The tbhread_testcancel
looks as follows:
1 void tbthread_testcancel()
2 {
3 tbthread_t thread = tbthread_self();
4 uint8_t val, newval;
5
6 while(1) {
7 newval = val = thread->cancel_status;
8 if(!(val & TB_CANCEL_ENABLED) || !(val & TB_CANCELING) ||
9 (val & TB_CANCELED))
10 return;
11 newval |= TB_CANCELED;
12 if(__sync_bool_compare_and_swap(&thread->cancel_status, val, newval))
13 break;
14 }
15 tbthread_exit(TBTHREAD_CANCELED);
16 }
See the full patch at GitHub.
Clean-up handlers
The user may register a bunch of functions cleaning up the mess caused by an
unexpected interruption. They are installed with tbthread_cleanup_push
and
called when the thread exits abnormally. The purpose of these functions is to
unlock mutexes, free the heap memory and such. tbthread_cleanup_pop
removes
them and optionally executes in the process.

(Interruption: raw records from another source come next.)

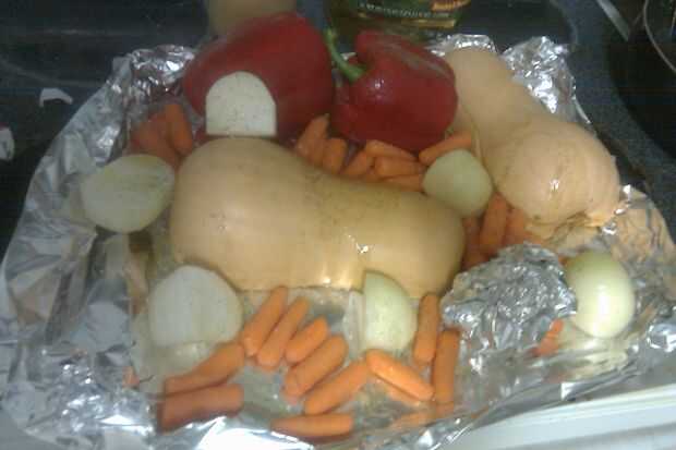 Coloque el lado cortado de la calabaza hacia abajo y arreglar las otras verduras quieras, sin les hacinamiento.
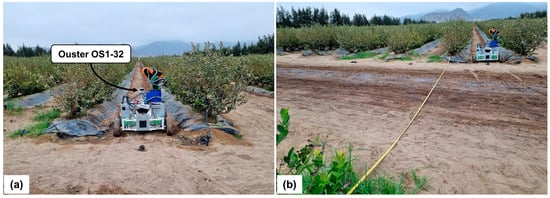 Figure 2 provides a visual representation of the robot’s navigation within the blueberry farm, illustrating the environmental conditions pertinent to the data collection process. Specifically, Figure 2a presents the robot at the onset of its trajectory, corresponding to sequence AB, where the robot’s pose predominantly varies in the x-axis, with minimal deviations in the y-axis. Conversely, Figure 2b captures the robot as it transitions into a different crop block, traversing the transit zone described in sequence AC. This zone is marked and measured using a measuring tape.
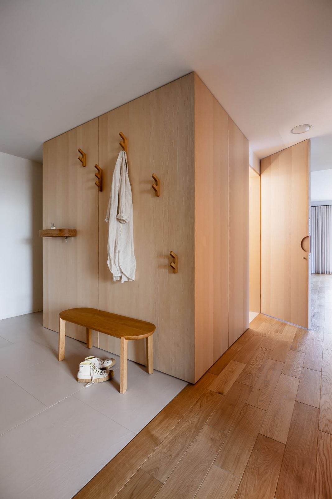 Pri vstupe do bytu zaujme v prvom rade veľkoformátový obklad stien. Časť vyhradená na vešanie, ktorá plynule prechádza za roh až k hosťovskému WC, bola obložená dreveným obkladom. Opačná stena bola obložená sériou zrkadiel, ktoré opticky zväčšujú priestor a plynule prechádzajú za roh smerom k jednej z izieb. Vo vstupnej hale ďalej nájdeme tiež sériu vešiakov doplnenú o voľne stojaci taburet. Potrebný úložný priestor sa nachádza v opticky oddelenom šatníku.

1 void tbthread_cleanup_push(void (*func)(void *), void *arg)
2 {
3 tbthread_t self = tbthread_self();
4 struct cleanup_elem *e = malloc(sizeof(struct cleanup_elem));
5 e->func = func;
6 e->arg = arg;
7 list_add_elem(&self->cleanup_handlers, e, 1);
8 }
9
10 void tbthread_cleanup_pop(int execute)
11 {
12 tbthread_t self = tbthread_self();
13 list_t *node = self->cleanup_handlers.next;
14 if(!node)
15 return;
16 list_rm(node);
17 struct cleanup_elem *e = (struct cleanup_elem*)node->element;
18 if(execute)
19 (*e->func)(e->arg);
20 free(e);
21 free(node);
22 }
See the full patch at GitHub.
Signals and asynchronous cancellation
The asynchronous cancellation uses the first real-time signal, SIGRTMIN
, that
we call SIGCANCEL
here for clarity.
Registering a signal handler is somewhat more tricky than just calling the
appropriate syscall. It is so because, on x86_64, we need to provide a function
that restores the stack after the signal handler returns. The function is called
a signal trampoline and its purpose is to invoke sys_rt_sigreturn
. The
trampoline is registered with the kernel using a special sigaction
flag:
1 void __restore_rt();
2 #define SA_RESTORER 0x04000000
3
4 int tbsigaction(int signum, struct sigaction *act, struct sigaction *old)
5 {
6 act->sa_flags |= SA_RESTORER;
7 act->sa_restorer = __restore_rt;
8 return SYSCALL4(__NR_rt_sigaction, signum, act, old, sizeof(sigset_t));
9 }
The trampoline itself, called __restore_rt
here, is defined in assembly as follows:
1 .text
2
3 .global __restore_rt
4 .type __restore_rt,@function
5 .align 16
6
7 __restore_rt:
8 movq $__NR_rt_sigreturn, %rax
9 syscall
Looking at the corresponding glibc code, you can see that they add the
eh_frame
info here. The comments say that it is to aid gdb and handle the
stack unwinding. I don't know enough DWARF to write one on my own, gdb does
not seem to be utterly confused without it, and we won't do stack unwinding, so
we just won't bother with it for the moment.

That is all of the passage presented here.